### Required action
Could you give back the records exactly, taking out the pictures?

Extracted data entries
□ □ □
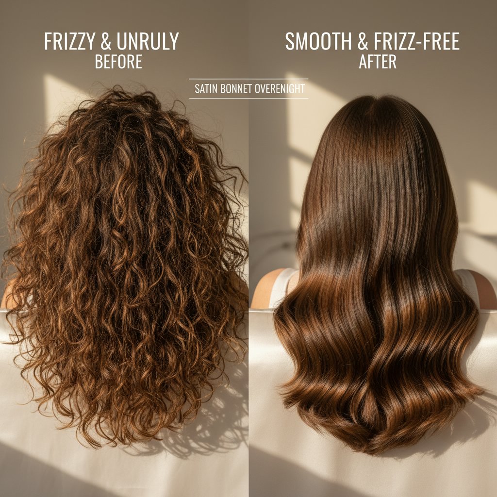 Before: Frizzy, unruly morning hair. After: Smooth, frizz-free hair, thanks to the satin bonnet's friction-less surface.
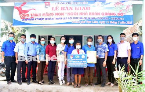 Vậy là căn nhà xiêu vẹo, lắc lư theo từng cơn gió mạnh và lọt thỏm giữa vùng nước trắng xóa không nhìn thấy lối đi mỗi mùa mưa bão của gia đình em Thạch Vĩnh Kỳ (lớp 5/2, Liên đội Trường tiểu học Lê Lợi, ấp Biển Tây B, xã Vĩnh Trạch Đông, TP. Bạc Liêu) đã được thay mới bằng “Ngôi nhà Khăn quàng đỏ”. Nhận những phần quà ấm áp trong ngày được bàn giao nhà mới, Vĩnh Kỳ và cha không giấu được niềm hạnh phúc…
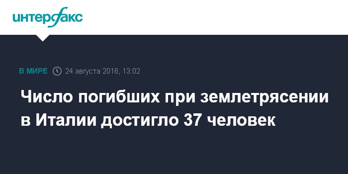 Москва. 24 августа. INTERFAX.RU - Число погибших при землетрясении в Италии, к настоящему моменту достигло 37 человек, сообщает "Би-би-си". По последним данным, около 150 человек числятся пропавшими без вести. Многие из найденных погибших проживали в деревне Пескара дель Тронто, которую стихийное бедствие сравняло с землей.
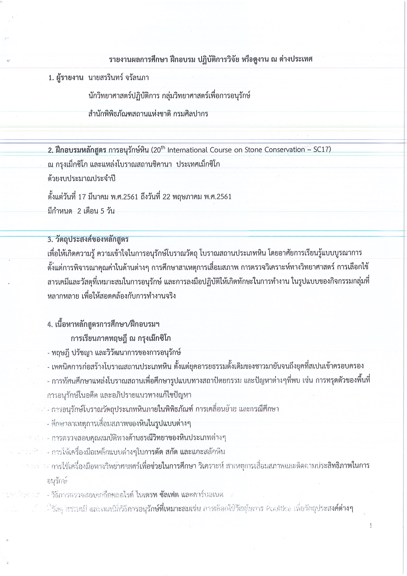 รายงานการเดินทางไปราชการ ณ สหรัฐเม็กซิโก ระหว่างวันที่ 17 มีนาคม – 22 พฤษภาคม 2561 โครงการอนุรักษ์หิน
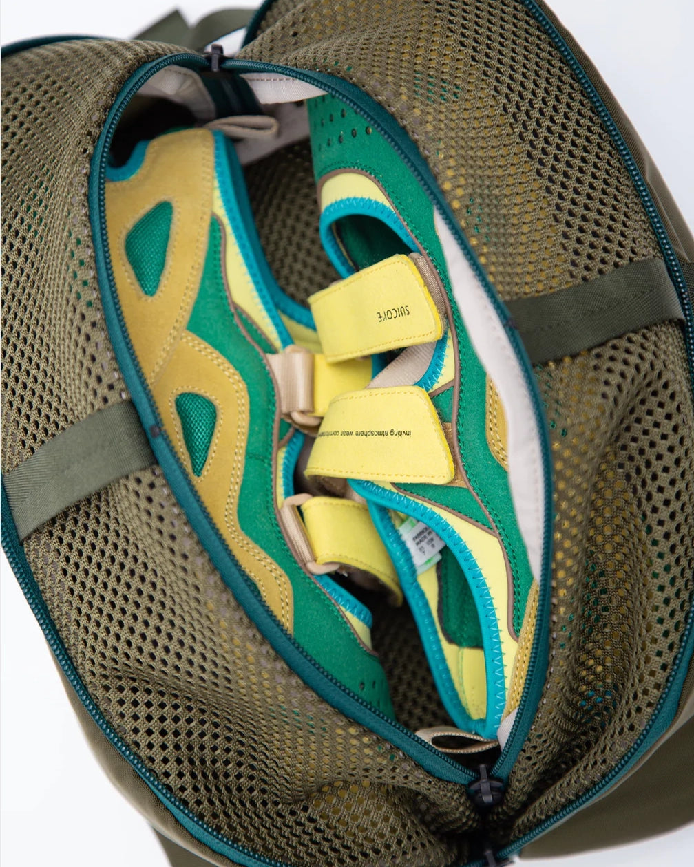 リサイクルコーデュラナイロンと、厚手ながら肌当たりの良いポリエステルメッシュを主素材とした、SUICOKEオリジナルのシューズケース兼スリングバッグ。
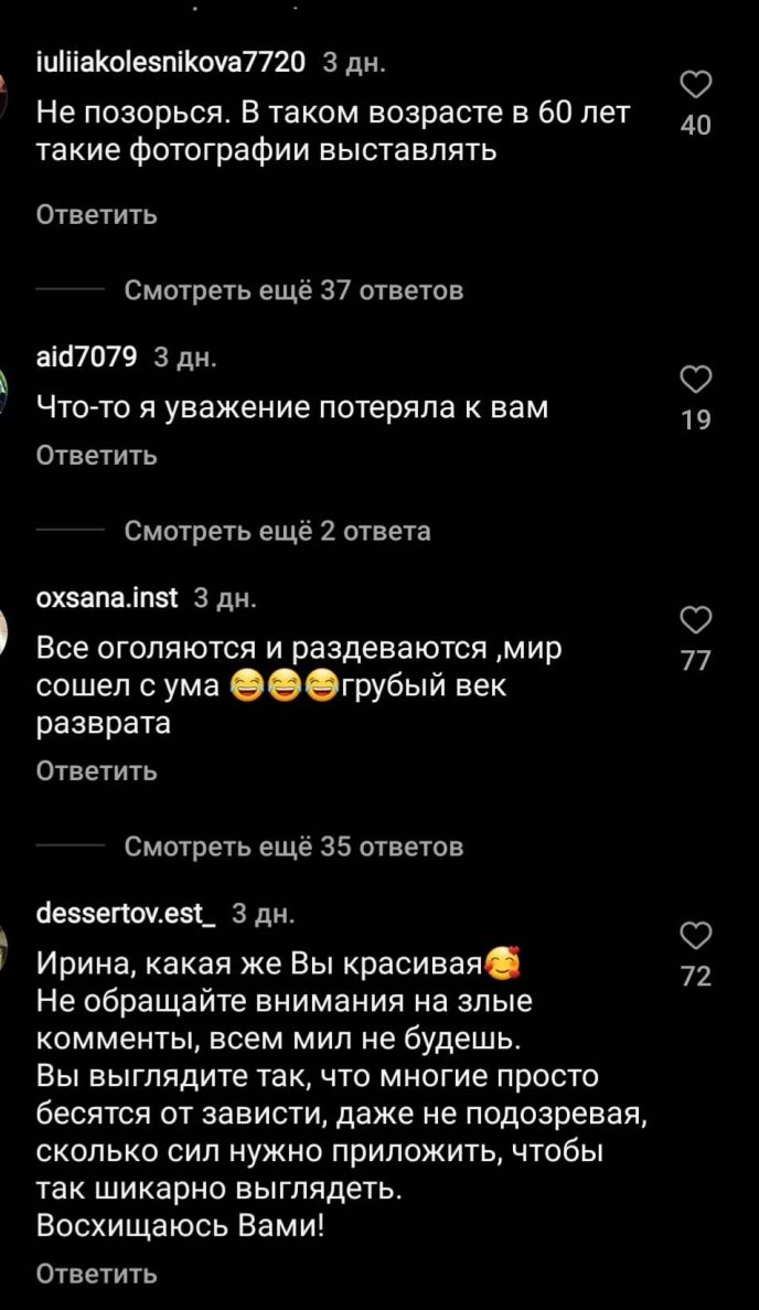Подписчики Ирины поделились на 2 лагеря: кому-то снимок актрисы показался неуместным, а кто-то искренне порадовался за нестареющую артистку.
□ □ □
### Answer for the task
 Before: Frizzy, unruly morning hair. After: Smooth, frizz-free hair, thanks to the satin bonnet's friction-less surface.
 Vậy là căn nhà xiêu vẹo, lắc lư theo từng cơn gió mạnh và lọt thỏm giữa vùng nước trắng xóa không nhìn thấy lối đi mỗi mùa mưa bão của gia đình em Thạch Vĩnh Kỳ (lớp 5/2, Liên đội Trường tiểu học Lê Lợi, ấp Biển Tây B, xã Vĩnh Trạch Đông, TP. Bạc Liêu) đã được thay mới bằng “Ngôi nhà Khăn quàng đỏ”. Nhận những phần quà ấm áp trong ngày được bàn giao nhà mới, Vĩnh Kỳ và cha không giấu được niềm hạnh phúc…
 Москва. 24 августа. INTERFAX.RU - Число погибших при землетрясении в Италии, к настоящему моменту достигло 37 человек, сообщает "Би-би-си". По последним данным, около 150 человек числятся пропавшими без вести. Многие из найденных погибших проживали в деревне Пескара дель Тронто, которую стихийное бедствие сравняло с землей.
 รายงานการเดินทางไปราชการ ณ สหรัฐเม็กซิโก ระหว่างวันที่ 17 มีนาคม – 22 พฤษภาคม 2561 โครงการอนุรักษ์หิน
 リサイクルコーデュラナイロンと、厚手ながら肌当たりの良いポリエステルメッシュを主素材とした、SUICOKEオリジナルのシューズケース兼スリングバッグ。
Подписчики Ирины поделились на 2 лагеря: кому-то снимок актрисы показался неуместным, а кто-то искренне порадовался за нестареющую артистку.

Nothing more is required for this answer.